I think I can see what your problem is - however I'm not sure. Joining the tables together has given you "double rows". The "quick-and-dirty" way to solve this query, would be to use Subqueries other than Joins. Doing so, you can select only the TOP 1 Degree, and TOP 2 certifications.
EDIT : Can you try this query ?
SELECT *
FROM employSELECT tblLicensures.EduRank as 'Licensure Rank',
tblDegrees.EduRank as 'Degree Rank',
EmpComp.EecEmpNo,
EmpPers.EepNameFirst,
EmpPers.EepNameLast,
RTRIM(tblDegrees.EfeLevel),
RTRIM(tblLicensures.ElcLicenseID),
tblLicensures.EduType,
tblDegrees.EduType
FROM EmpComp
LEFT OUTER JOIN EmpPers ON empcom.eeceeid = EmpPers.eepEEID
LEFT OUTER JOIN
-- Select TOP 2 Licensure Ranks
(
SELECT TOP 2 a.EduType, a.EduRank, EmpLicns.ElcEEID
FROM yvDegreeRanks a
INNER JOIN EmpLicns on a.EduCode = EmpLicns.ElcLicenseID
WHERE EmpLincs.ElcEEID = empcomp.eeceeid
ORDER BY a.EduRank ASC
) AS tblLicensures ON tblLicensures.ElcEEID = empcomp.Eeceeid
LEFT OUTER JOIN
-- SELECT TOP 1 Degree
(
SELECT TOP 1 b.EduType, b.EduRank, EmpEduc.EfeEEID, EmpEduc.EfeLevel
FROM yvDegreeRanks b
INNER JOIN EmpEduc on b.EduCode = EmpEduc.EfeLevel
WHERE EmpEduc.EfeEEID = empcomp.Eeceeid
ORDER BY b.EduRank ASC
) AS tblDegrees ON tblDegrees.EfeEEID = empcomp.Eeceeid

This is not the most elegant solution, but hopefully it will at least help you out in some way.
create table #dataset (
licensurerank [datatype],
degreerank [datatype],
employeeid [datatype],
firstname varchar,
lastname varchar,
efeLevel [datatype],
elclicenseid [datatype],
edutype1 [datatype],
edutype2 [datatype]
)
select distinct identity(int,1,1) [ID], EecEmpNo into #employeeList from EmpComp
declare
#count int,
#rows int,
#employeeNo int
select * from #employeeList
set #rows = ##rowcount
set #count = 1
while #count <= #ROWS
begin
select #employeeNo = EecEmpNo from #employeeList where id = #count
insert into #dataset
select top 2 a.EduRank as 'Licensure Rank',
b.EduRank as 'Degree Rank',
EmpComp.EecEmpNo,
EmpPers.EepNameFirst,
EmpPers.EepNameLast,
RTRIM(EmpEduc.EfeLevel),
RTRIM(EmpLicns.ElcLicenseID),
a.EduType,
b.EduType
from empcomp
join EmpPers on empcomp.eeceeid = EmpPers.eepEEID
join EmpEduc on empcomp.Eeceeid = EmpEduc.EfeEEID
join EmpLicns on empcomp.eeceeid = EmpLicns.ElcEEID
join yvDegreeRanks a on a.EduCode = EmpLicns.ElcLicenseID
join yvDegreeRanks b on b.EduCode = EmpEduc.EfeLevel
where EmpComp.EecEmpNo = #employeeNo
set #count = #count + 1
end

Have tables for employees, types of degrees (including a rank), types of certs (including a rank), and join tables employees_degrees and employees_certs. [It might be better to put degrees and certs in one table with a flag is_degree, if all their other fields are the same.] You can extract the existing string values and replace them with FK ids into the degree and cert tables.
The query itself is harder, because PARTITION BY is not available in SQL Server 2000 (according to Google).

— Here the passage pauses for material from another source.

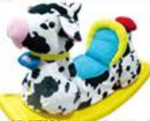
YL-HT061 毛球动物摇 (奶牛) 定价: 560元

UW's answer has at least two problems: you need LEFT JOINs because not all employees have degrees and certs, and there is no ORDER BY to show what you want to take the best of. TOP 2 subqueries are particularly difficult to use in this context. So for that, I can't yet give an answer.

Related

How to get different data from two different tables in SQL query?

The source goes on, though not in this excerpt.